Several top aides likely to run for legislature

POWER PLAY Analysts say the president is moving to consolidate his power by having some of his closest aides run for seats in the upcoming legislative election

By Lin Mei-chun  /  STAFF REPORTER

Rumors that several of the president's aides may participate in the upcoming legislative elections signal the president's resolve to overturn the DPP's minority status in the legislature and to exert more influence in the DPP caucus, politicians and political analysts said yesterday.

On Sunday, Vice Chairman of the Council for Cultural Affairs Luo Wen-chia (羅文嘉) and Vice Chairman of the Executive Yuan's Research, Development and Evaluation Commission You Ying-lung (游盈隆) -- two leading campaign strategists of President Chen Shui-bian (陳水扁) -- made public their desire to enter this December's legislative campaign race.

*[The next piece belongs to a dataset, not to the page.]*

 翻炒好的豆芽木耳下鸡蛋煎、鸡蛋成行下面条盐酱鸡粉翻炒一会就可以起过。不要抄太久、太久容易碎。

Reports have also said that Hsiao Bi-khim (蕭美琴), Chen's translator, and Vice Minister of the Interior Lee Yi-yang (李逸洋) -- another longstanding assistant of the president -- have revealed intentions to participate in the election battle.

Both Hsiao and Lee will make a final decision on the matter by next Monday when registration for the DPP primary starts.

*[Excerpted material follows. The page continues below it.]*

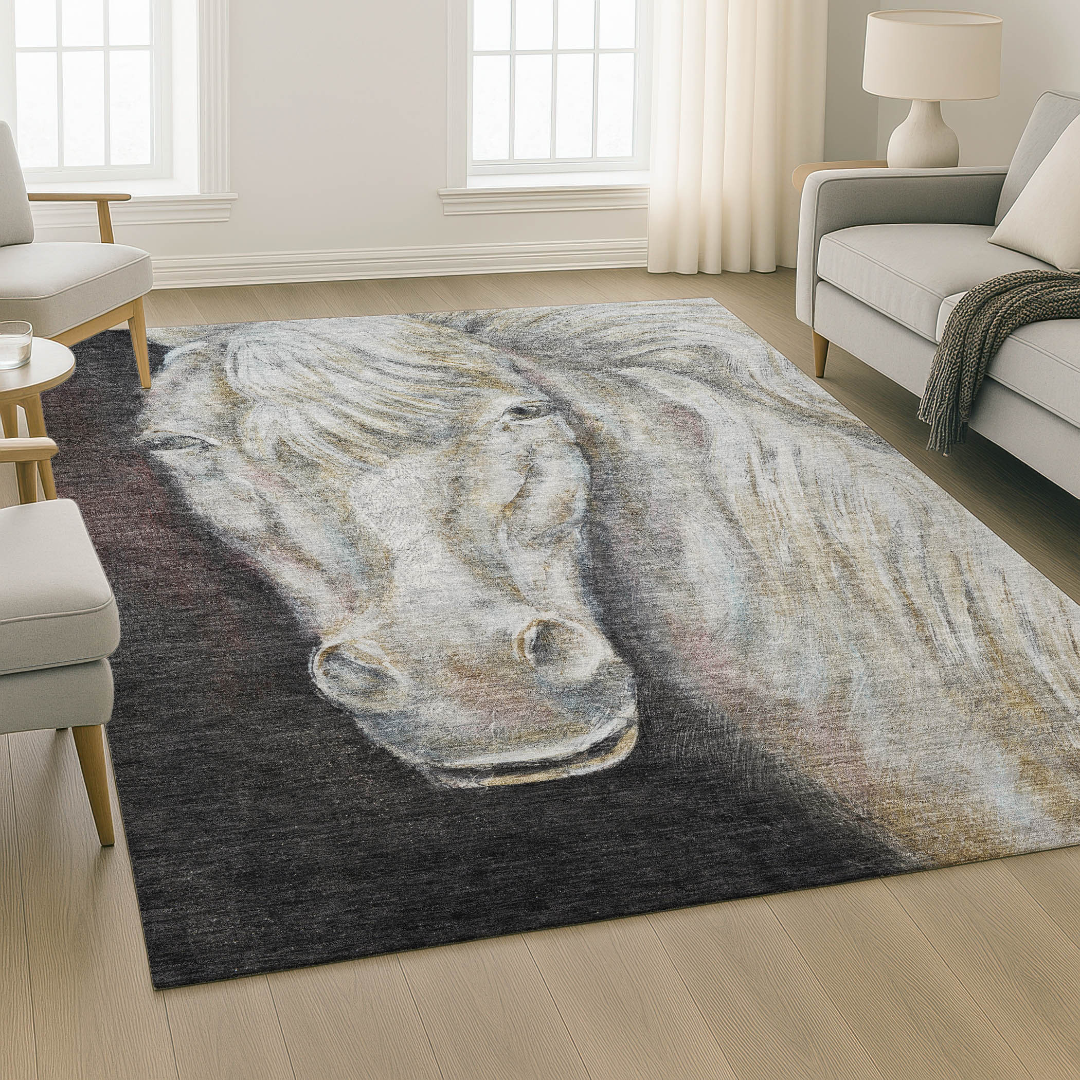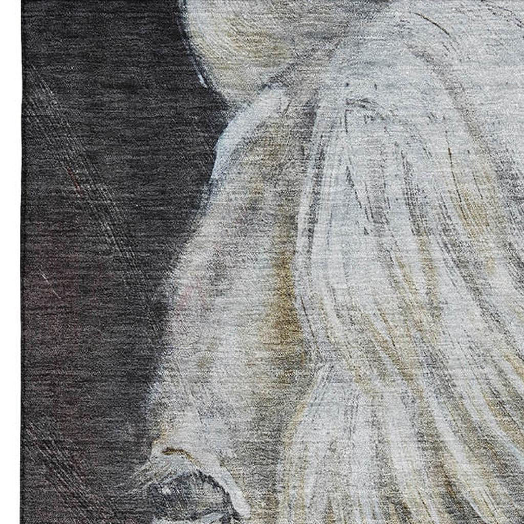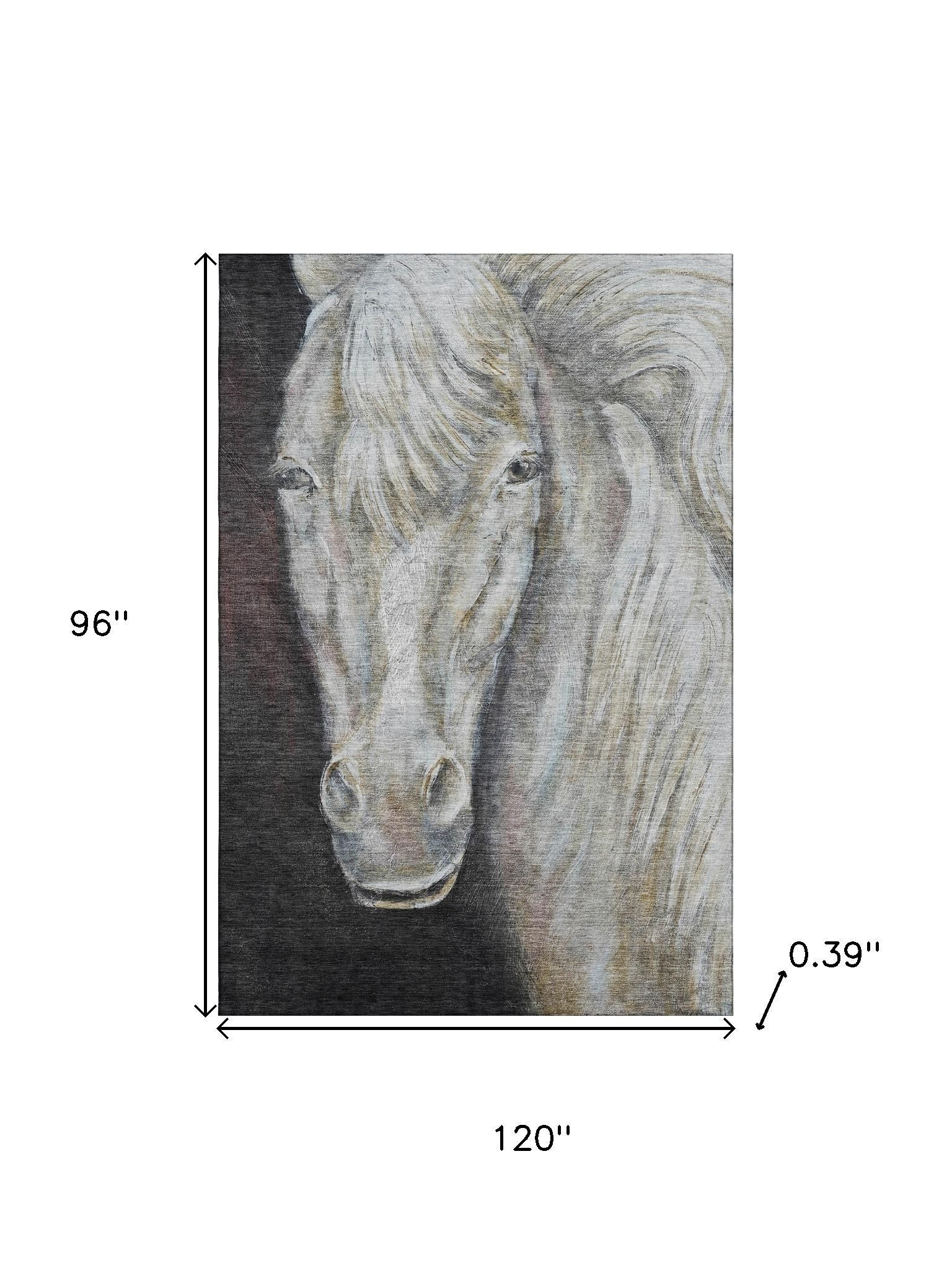 Add some artistry to your room with this 8-foot x 10-foot ivory and charcoal animal print washable area rug with uv protection. Ideal for spaces with kids and pets, this rug is stain resistant to help repel dirt and spilled liquids. Built to last, this rug crafted from polyester fibers is known for its durability and long lasting appeal. Rugs are a great way to showcase your style, hide imperfections, warm your home and reduce noise. This larger sized, transitional styled rug is ready to create a focal point or statement piece in your room. 96.00-inch h x 120.00-inch w x 0.39-inch d.

"We can see the DPP administration of the past eight months has been far from smooth due to the DPP being a minority in the legislature," said Wang Yeh-li (王業立), chairman of the political science department at Tunghai University.

"It is only natural that the president wants to ameliorate this situation by trying to increase the DPP's share of legislative seats -- particularly if [those seats go to] the president's loyal followers," Wang said, adding that because the DPP caucus is a rather autonomous entity, Chen has very little control over it.

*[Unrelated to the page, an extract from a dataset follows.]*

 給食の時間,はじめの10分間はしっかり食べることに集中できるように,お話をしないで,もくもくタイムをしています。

"It would create a much easier situation for Chen if these close aides were his `megaphone' both at the legislature and in the DPP's legislative caucus," he said.

New Party lawmaker Cheng Long-shui (鄭龍水) and independent lawmaker Josephine Chu (朱惠良), endorsed Wang's line, saying that it was quite apparent that the president sought to win more support at the Legislative Yuan by arranging for his proteges to join the election.

"We've found that the president is incapable of doing what he wishes at the legislature. The obstacles stem from not only the opposition, but also the DPP caucus. With these people entering the legislature, on the one hand, the legislative seats will be increased, and on the other hand, Chen can silence the noise coming from the DPP legislative caucus," Cheng said.

However, New Party lawmaker Lai Shyh-bao (賴士葆) questioned if such an arrangement would be effective.

"It requires abundant experience to be an influential figure at the legislature. Carrying the president's halo, there shouldn't be any problem for them to get elected. Nonetheless, their joining would only increase the DPP seats at the legislature. Unless they become caucus leaders immediately, I am skeptical of their influence," Lai said.

Lin Cho-shui (林濁水), a DPP legislator, also cautioned that these legislative hopefuls should not overestimate their own strength once elected.

"It wouldn't be easy for newcomers to play too significant a role in the DPP caucus given their lack of experience and seniority. What they should look into is enhancing the DPP's overall power at the legislature instead," Lin said.